** Given data follows **
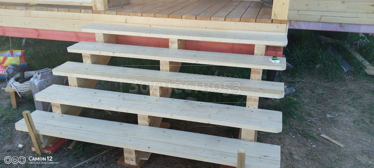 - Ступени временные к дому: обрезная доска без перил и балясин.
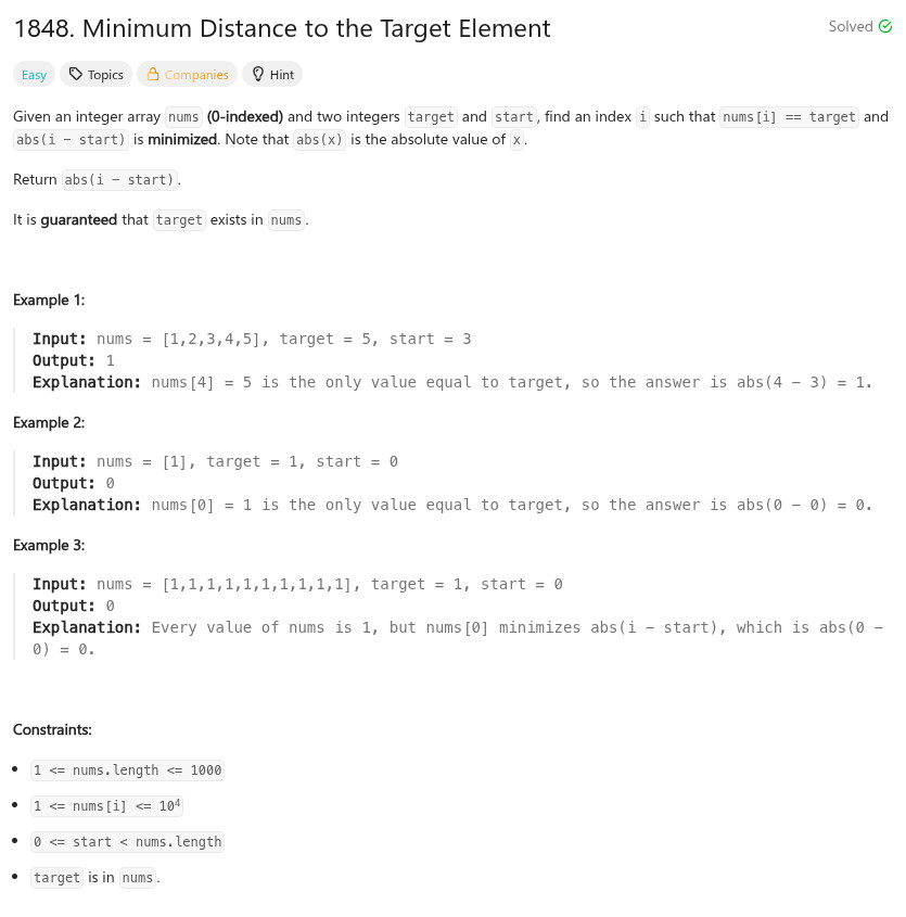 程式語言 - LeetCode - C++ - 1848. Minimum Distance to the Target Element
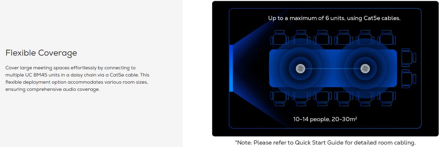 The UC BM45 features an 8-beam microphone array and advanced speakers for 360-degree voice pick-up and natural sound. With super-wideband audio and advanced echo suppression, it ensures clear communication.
** End of Given data **
** Given data follows **
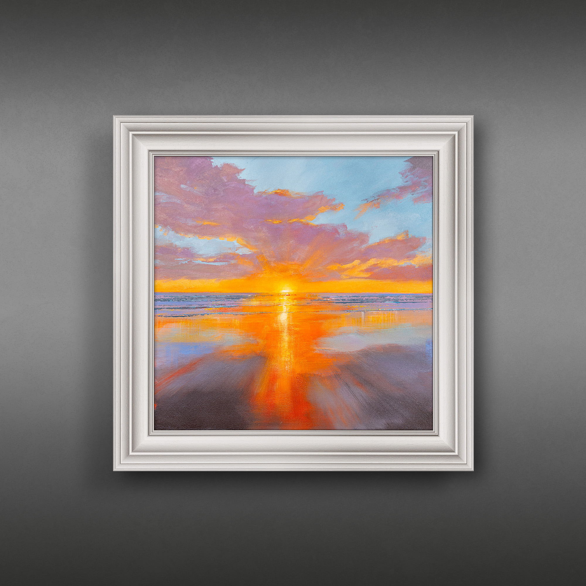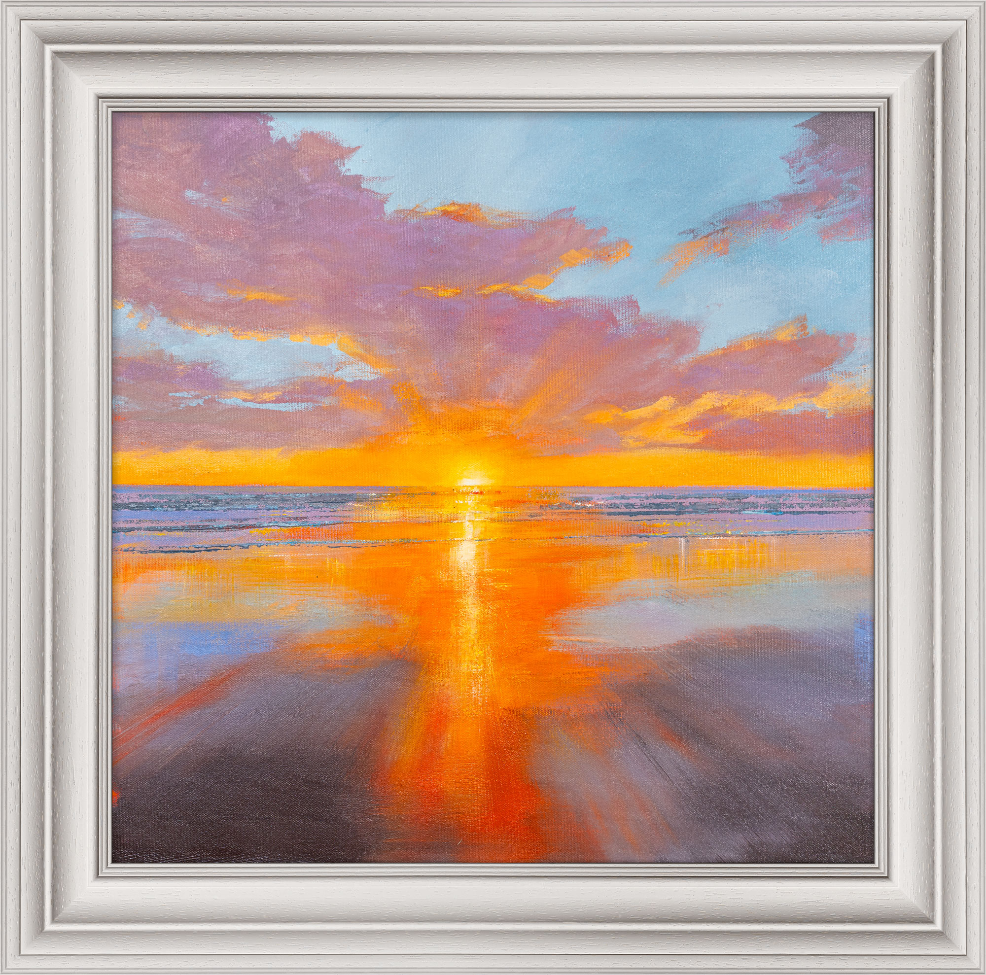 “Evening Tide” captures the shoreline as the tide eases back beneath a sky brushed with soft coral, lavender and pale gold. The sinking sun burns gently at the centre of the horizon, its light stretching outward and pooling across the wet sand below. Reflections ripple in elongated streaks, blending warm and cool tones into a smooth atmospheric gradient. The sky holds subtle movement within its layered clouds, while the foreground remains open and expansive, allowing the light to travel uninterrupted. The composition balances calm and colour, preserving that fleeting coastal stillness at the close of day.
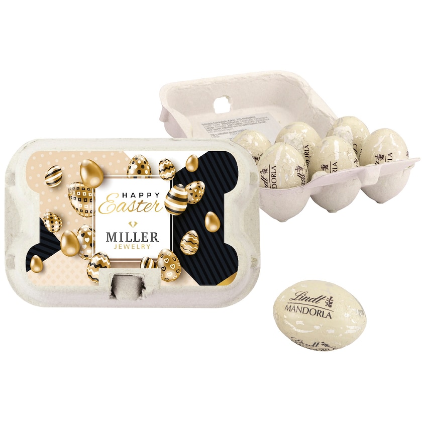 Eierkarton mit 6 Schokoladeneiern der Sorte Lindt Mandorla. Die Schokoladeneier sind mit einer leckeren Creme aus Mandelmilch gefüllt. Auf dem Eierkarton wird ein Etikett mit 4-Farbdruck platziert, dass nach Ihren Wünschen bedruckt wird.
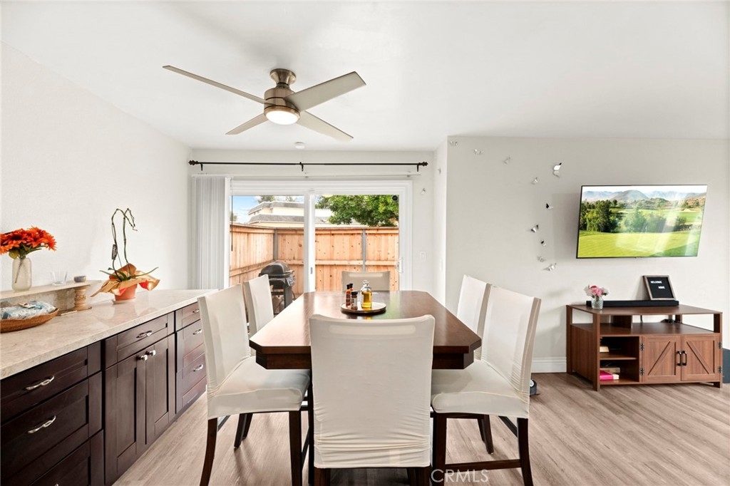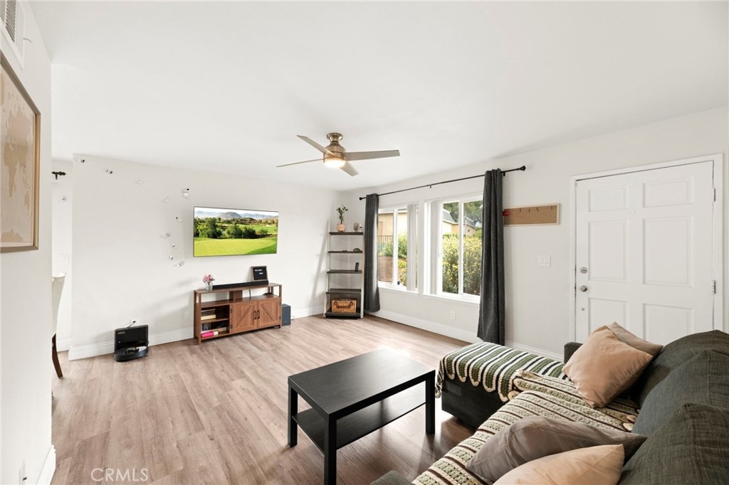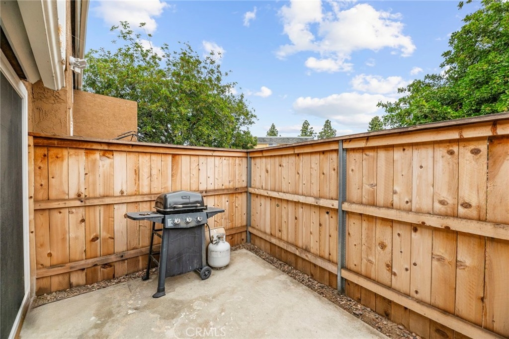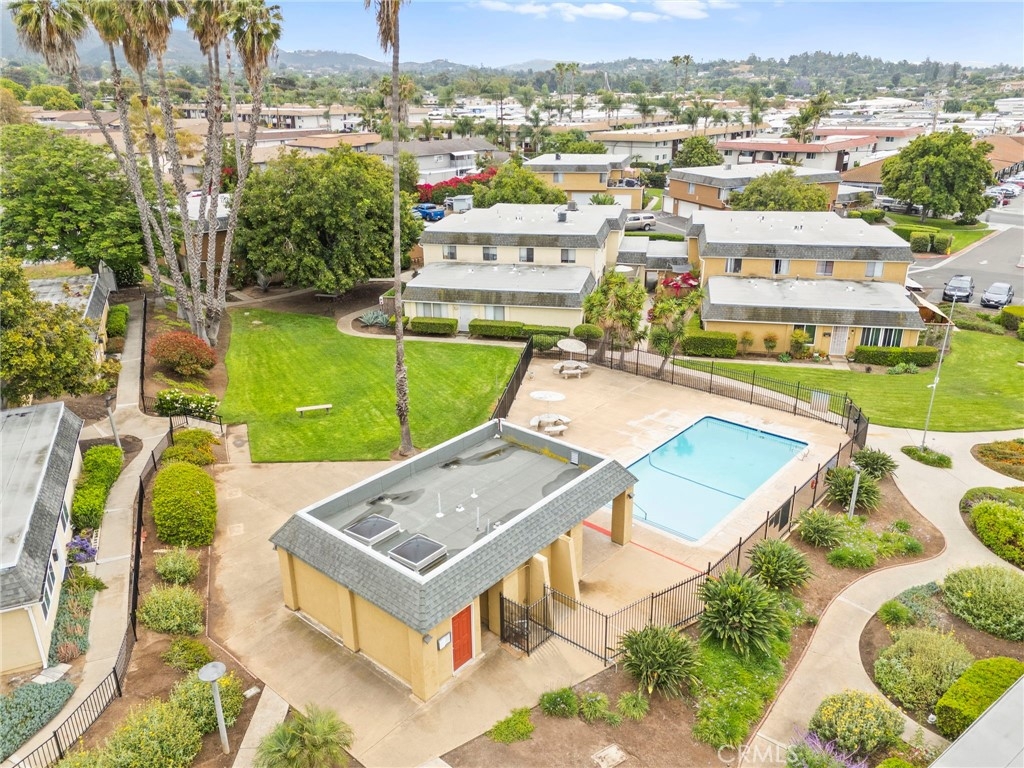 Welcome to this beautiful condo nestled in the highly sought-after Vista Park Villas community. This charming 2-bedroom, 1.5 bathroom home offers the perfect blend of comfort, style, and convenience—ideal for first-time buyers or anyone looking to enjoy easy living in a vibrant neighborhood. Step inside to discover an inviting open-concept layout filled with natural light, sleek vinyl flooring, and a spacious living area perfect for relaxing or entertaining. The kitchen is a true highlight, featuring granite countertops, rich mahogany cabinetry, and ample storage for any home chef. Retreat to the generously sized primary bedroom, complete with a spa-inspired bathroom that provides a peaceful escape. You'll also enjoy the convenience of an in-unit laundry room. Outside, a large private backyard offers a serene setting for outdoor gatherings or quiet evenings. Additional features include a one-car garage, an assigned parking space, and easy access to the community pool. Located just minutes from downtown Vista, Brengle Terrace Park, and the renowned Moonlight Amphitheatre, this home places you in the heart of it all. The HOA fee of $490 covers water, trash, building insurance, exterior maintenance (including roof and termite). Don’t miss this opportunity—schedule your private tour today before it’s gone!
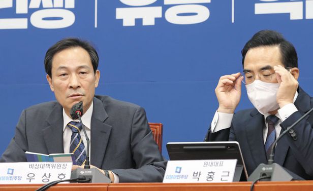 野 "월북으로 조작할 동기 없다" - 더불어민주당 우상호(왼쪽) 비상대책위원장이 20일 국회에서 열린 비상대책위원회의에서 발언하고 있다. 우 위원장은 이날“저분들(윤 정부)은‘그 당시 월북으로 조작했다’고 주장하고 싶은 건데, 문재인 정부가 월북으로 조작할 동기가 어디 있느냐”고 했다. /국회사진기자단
** End of Given data **
** Given data follows **
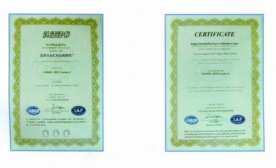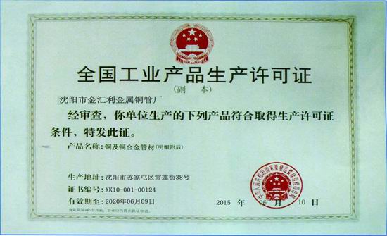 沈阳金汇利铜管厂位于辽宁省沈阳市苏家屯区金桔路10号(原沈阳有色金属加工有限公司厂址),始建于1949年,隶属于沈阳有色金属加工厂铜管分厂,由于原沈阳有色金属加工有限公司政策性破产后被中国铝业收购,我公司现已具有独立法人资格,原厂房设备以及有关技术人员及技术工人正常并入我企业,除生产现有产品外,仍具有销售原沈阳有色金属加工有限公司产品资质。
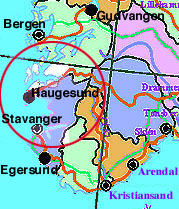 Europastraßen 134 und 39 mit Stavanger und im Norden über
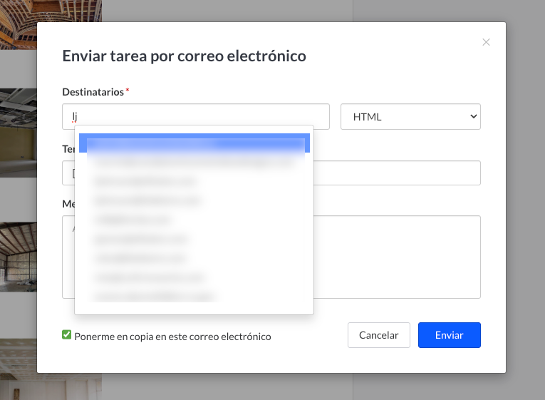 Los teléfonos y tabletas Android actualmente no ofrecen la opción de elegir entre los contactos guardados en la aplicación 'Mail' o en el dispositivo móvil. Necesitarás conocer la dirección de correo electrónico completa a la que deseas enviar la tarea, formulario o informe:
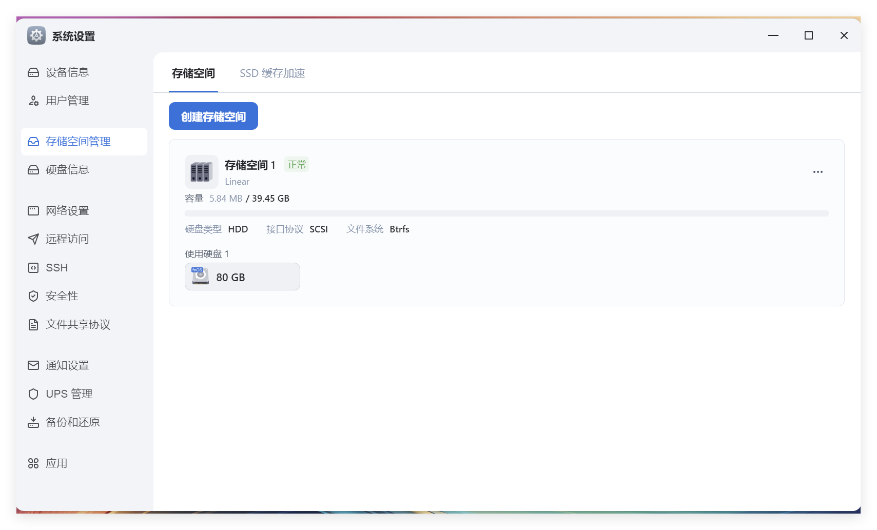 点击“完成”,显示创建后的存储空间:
** End of Given data **
Between and including the line above that contains "- Ступени временные" and the line that contains "The UC BM45", restate every line word for word. Pictures stay out.

 - Ступени временные к дому: обрезная доска без перил и балясин.
 程式語言 - LeetCode - C++ - 1848. Minimum Distance to the Target Element
 The UC BM45 features an 8-beam microphone array and advanced speakers for 360-degree voice pick-up and natural sound. With super-wideband audio and advanced echo suppression, it ensures clear communication.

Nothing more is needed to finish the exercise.